Боль клубком сцепилась с каким-то резким запахом, и Филиппов не мог определить, что же больше мешало ему падать в медленно вращавшийся и извивавшийся угольно-чёрный колодец. Он открыл глаза, и несколько знакомых лиц постепенно проявились на фоне плывущего потолка.
— Ай да молодец! Очухался! — он услышал знакомый бас бригадира Четвертакова.
Обычно угрюмый, седой, высохший дядька расчувствованно склонился над ним.
— Где я?
— Здесь, в ремонтном. Ребята тебя принесли сюда. Там опасно. Горит пока.
— Ноги… — он рванулся, — Ноги целы?!
— И ноги целы, и руки твои, Толя, целы, и голова твоя цела, лётчик ты наш.
— Я… Я упал. Вроде… упал…
— Ты? Ты не просто упал, ты налетался. Крупнокалиберный сдул тебя. Вон на набережной сколько порушило. А ты в трюм слетал, семь этажей, считай, полёт. Повезло тебе. А Морковкину — нет.
— Что? Что вы говорите? Голова очень болит, я слышу плохо.
— Ты вместе со всем железом на Витьку упал, он внизу варил, ему хребет перебило в трех местах, думали и тебе каюк. Думали — неживой. Да, видать, судьба тебе такая — одного ломает, другого в люльке носит.
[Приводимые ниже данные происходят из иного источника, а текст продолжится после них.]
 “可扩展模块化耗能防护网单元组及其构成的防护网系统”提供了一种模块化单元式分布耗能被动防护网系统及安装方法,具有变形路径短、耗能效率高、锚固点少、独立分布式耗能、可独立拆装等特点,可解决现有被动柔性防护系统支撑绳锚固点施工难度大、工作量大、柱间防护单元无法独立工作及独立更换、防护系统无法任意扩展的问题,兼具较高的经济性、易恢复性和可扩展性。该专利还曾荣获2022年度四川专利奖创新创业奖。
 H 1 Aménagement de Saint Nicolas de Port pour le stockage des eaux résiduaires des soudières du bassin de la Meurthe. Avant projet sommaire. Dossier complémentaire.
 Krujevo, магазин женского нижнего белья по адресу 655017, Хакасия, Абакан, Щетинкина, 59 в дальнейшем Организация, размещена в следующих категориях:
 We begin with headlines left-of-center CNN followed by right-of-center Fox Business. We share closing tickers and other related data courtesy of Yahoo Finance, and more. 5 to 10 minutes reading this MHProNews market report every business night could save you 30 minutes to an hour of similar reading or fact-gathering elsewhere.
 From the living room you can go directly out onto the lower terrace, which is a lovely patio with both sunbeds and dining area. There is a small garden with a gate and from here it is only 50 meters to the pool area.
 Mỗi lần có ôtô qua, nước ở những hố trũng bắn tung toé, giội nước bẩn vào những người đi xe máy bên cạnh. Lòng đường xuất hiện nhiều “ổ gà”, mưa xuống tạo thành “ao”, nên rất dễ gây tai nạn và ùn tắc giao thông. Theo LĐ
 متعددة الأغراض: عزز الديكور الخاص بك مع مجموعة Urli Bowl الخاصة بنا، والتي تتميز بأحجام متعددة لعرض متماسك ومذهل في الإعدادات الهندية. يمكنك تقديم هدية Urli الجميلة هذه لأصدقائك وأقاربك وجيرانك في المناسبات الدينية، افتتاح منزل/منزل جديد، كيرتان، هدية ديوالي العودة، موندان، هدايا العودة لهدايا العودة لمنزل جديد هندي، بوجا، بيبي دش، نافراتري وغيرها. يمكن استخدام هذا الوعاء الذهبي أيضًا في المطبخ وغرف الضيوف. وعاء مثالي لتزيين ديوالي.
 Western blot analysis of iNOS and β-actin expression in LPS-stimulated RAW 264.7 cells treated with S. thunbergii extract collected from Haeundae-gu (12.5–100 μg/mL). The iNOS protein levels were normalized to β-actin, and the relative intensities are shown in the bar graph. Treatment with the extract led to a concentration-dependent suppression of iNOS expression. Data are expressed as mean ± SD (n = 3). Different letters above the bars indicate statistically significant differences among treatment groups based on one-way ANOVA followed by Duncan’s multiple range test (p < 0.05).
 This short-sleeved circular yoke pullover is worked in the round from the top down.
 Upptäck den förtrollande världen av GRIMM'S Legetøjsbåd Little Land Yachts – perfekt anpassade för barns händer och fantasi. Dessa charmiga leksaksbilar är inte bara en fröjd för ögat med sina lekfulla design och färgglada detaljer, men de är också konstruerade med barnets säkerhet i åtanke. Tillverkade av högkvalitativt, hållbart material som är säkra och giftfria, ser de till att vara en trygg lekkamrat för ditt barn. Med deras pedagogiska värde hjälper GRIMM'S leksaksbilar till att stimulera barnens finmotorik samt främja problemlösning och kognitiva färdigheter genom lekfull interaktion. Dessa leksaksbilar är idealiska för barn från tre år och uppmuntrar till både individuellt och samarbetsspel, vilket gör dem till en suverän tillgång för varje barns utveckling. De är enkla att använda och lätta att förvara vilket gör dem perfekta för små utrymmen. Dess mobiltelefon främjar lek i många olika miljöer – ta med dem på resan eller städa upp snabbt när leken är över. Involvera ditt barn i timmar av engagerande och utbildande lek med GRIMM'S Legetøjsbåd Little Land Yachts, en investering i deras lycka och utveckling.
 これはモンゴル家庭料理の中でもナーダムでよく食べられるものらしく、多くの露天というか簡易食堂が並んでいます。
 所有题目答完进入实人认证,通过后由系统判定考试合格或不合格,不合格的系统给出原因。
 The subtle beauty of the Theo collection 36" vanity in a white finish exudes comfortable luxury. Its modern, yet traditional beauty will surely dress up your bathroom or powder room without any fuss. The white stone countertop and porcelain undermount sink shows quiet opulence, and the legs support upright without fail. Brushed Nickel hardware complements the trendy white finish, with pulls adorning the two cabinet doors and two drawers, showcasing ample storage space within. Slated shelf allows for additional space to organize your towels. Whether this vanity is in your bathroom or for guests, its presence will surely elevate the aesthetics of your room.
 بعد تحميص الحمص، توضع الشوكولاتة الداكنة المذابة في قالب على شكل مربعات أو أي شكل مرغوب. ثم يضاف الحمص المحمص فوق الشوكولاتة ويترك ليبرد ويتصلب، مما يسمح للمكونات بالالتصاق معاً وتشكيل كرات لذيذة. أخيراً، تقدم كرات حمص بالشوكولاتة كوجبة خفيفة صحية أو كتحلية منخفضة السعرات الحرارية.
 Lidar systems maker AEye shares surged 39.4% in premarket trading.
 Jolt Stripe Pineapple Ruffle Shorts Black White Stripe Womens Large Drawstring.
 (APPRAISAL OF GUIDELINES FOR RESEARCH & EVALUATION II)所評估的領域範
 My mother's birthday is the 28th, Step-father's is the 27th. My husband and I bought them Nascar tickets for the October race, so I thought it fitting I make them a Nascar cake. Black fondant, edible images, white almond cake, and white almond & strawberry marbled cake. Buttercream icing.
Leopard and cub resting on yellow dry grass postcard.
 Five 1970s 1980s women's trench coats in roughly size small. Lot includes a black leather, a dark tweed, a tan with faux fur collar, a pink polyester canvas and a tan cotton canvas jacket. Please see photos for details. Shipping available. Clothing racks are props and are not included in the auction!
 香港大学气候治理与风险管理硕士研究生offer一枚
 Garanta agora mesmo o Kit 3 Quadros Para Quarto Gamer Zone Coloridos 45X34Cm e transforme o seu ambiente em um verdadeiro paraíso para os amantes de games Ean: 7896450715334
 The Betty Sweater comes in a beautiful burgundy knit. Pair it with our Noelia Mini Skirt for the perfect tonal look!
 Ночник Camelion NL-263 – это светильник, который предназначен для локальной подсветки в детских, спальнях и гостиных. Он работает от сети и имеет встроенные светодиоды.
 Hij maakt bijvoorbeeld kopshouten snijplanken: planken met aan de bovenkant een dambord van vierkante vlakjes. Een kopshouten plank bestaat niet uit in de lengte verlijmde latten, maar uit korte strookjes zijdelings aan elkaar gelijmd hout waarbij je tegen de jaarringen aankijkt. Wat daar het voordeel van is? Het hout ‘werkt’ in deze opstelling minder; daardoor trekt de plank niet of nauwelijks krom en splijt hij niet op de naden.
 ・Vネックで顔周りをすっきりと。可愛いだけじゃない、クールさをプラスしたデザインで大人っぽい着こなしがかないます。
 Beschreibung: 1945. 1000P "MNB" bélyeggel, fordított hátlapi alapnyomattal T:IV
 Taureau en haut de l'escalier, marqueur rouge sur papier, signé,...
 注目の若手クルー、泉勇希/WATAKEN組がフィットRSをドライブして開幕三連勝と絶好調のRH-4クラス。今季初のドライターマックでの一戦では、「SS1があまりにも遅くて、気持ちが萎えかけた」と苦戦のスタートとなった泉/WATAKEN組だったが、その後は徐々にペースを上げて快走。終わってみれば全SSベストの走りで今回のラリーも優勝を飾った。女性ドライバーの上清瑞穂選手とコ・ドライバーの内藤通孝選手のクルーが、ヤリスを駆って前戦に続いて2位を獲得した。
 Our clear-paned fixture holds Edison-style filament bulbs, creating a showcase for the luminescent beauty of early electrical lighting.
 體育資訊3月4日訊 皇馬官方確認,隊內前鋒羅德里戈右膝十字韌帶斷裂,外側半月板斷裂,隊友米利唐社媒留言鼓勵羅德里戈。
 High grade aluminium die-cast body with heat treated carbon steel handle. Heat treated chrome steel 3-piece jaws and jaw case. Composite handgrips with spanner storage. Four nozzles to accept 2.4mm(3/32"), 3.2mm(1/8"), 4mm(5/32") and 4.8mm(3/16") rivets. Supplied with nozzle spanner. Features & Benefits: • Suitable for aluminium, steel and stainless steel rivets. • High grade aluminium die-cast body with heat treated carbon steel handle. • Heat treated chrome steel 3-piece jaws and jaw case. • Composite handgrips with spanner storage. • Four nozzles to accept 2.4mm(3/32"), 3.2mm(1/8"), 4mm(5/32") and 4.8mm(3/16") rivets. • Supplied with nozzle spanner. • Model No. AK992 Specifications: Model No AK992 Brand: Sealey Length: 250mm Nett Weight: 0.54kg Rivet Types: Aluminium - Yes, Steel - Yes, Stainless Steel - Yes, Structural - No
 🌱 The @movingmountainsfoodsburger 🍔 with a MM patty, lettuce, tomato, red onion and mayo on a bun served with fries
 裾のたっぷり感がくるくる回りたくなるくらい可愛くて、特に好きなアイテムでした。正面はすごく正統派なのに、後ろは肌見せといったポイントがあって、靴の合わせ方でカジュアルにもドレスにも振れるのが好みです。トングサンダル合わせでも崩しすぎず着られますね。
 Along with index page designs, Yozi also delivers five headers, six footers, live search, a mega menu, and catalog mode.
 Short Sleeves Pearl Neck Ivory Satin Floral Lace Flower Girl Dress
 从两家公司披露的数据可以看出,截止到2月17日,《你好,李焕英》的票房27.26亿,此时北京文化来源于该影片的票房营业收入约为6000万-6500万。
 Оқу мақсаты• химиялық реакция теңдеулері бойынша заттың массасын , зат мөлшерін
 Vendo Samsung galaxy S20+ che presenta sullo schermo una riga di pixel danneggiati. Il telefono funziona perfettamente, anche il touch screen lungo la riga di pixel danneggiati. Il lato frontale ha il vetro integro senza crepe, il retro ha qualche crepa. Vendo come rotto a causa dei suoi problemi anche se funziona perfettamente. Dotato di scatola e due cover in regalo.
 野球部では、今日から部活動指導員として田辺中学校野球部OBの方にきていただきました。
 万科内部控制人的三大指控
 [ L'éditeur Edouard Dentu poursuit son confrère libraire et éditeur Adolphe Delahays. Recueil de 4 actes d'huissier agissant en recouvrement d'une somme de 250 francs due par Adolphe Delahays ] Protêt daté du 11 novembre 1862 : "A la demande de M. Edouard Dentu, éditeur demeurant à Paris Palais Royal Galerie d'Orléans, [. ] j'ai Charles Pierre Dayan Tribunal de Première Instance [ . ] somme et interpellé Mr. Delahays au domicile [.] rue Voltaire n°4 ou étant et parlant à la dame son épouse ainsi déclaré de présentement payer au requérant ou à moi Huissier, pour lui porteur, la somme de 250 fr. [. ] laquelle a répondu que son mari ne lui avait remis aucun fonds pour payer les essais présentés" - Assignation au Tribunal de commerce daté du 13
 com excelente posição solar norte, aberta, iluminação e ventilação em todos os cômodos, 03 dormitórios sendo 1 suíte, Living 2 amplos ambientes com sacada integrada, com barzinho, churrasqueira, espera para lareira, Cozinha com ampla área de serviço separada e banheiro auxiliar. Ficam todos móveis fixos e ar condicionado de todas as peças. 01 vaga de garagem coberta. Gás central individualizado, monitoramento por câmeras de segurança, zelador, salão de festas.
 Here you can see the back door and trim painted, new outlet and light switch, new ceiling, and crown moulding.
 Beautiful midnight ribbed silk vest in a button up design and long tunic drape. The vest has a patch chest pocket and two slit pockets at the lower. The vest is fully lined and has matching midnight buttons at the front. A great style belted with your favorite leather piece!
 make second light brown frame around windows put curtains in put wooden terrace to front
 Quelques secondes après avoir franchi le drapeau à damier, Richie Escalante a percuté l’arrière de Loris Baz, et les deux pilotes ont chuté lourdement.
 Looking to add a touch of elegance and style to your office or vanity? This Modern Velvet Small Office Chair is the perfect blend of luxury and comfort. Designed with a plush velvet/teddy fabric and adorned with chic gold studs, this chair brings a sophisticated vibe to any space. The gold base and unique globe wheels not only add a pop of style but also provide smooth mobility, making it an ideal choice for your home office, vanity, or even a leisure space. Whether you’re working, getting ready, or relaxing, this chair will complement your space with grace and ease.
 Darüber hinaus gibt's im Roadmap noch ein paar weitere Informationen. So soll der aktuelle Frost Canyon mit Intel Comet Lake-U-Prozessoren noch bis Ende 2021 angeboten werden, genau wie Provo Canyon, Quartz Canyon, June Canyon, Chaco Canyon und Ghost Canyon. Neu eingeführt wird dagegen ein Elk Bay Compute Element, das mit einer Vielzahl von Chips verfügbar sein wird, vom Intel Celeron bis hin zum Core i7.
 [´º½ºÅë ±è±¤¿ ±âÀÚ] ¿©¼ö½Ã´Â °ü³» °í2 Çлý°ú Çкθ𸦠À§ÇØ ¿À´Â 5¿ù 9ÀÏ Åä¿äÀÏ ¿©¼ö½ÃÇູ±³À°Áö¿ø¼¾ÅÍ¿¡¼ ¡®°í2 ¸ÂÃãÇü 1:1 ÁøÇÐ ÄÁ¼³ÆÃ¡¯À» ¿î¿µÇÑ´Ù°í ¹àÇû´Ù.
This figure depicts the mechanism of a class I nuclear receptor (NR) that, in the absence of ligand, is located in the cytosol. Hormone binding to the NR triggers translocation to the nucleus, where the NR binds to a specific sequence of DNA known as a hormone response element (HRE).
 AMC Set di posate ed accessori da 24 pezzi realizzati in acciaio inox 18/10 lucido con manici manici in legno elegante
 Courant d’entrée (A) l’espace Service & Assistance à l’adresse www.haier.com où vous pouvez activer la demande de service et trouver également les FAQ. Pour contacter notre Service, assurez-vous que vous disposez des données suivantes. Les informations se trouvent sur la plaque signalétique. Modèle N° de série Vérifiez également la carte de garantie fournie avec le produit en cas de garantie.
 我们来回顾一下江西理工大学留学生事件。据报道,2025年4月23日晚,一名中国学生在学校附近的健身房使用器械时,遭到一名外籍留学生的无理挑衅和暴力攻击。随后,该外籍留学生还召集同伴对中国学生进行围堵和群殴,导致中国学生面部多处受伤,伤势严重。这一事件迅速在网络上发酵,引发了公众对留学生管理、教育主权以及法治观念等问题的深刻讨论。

— А сколько сейчас? Время сколько?! — обожгло Филиппова.
— Да, поди, уже часов пять, вечер уже, ночь считай. Темно уже.
— Как?! Как — пять? Нельзя пять! Нельзя! — он рванулся и вскрикнул, на губах выкашлялась розовая пена. — Мне… Мне идти надо. Мне срочно…
— Стой, дура! Стой! Держите его, ребята! Он так себе последние ребра переломает!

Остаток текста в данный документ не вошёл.